2020–21 Japan Golf Tour season
- Duration: 16 January 2020 – 5 December 2021
- Number of official events: 30
- Most wins: Rikuya Hoshino (3) Chan Kim (3)
- Money list: Chan Kim
- Most Valuable Player: Chan Kim
- Rookie of the Year: Takumi Kanaya

= 2020–21 Japan Golf Tour =

Golf tour season

The 2020–21 Japan Golf Tour was the 48th season of the Japan Golf Tour (formerly the PGA of Japan Tour), the main professional golf tour in Japan since it was formed in 1973.

==In-season changes==
The 2020 season was originally scheduled to be played from 16 January to 6 December 2020, consisting of 25 official events.
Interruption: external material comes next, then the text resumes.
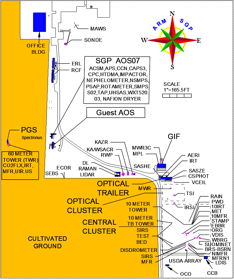 ARM has placed more than 50 instrument platforms or suites at the SGP observatory, including:

However, most of the scheduled tournaments were cancelled during 2020 due to COVID-19 pandemic. On 25 December 2020, the tour announced the schedule for 2021 and confirmed that it would be merged with the 2020 schedule to form the 2020–21 season.

==Schedule==
The following table lists official events during the 2020–21 season.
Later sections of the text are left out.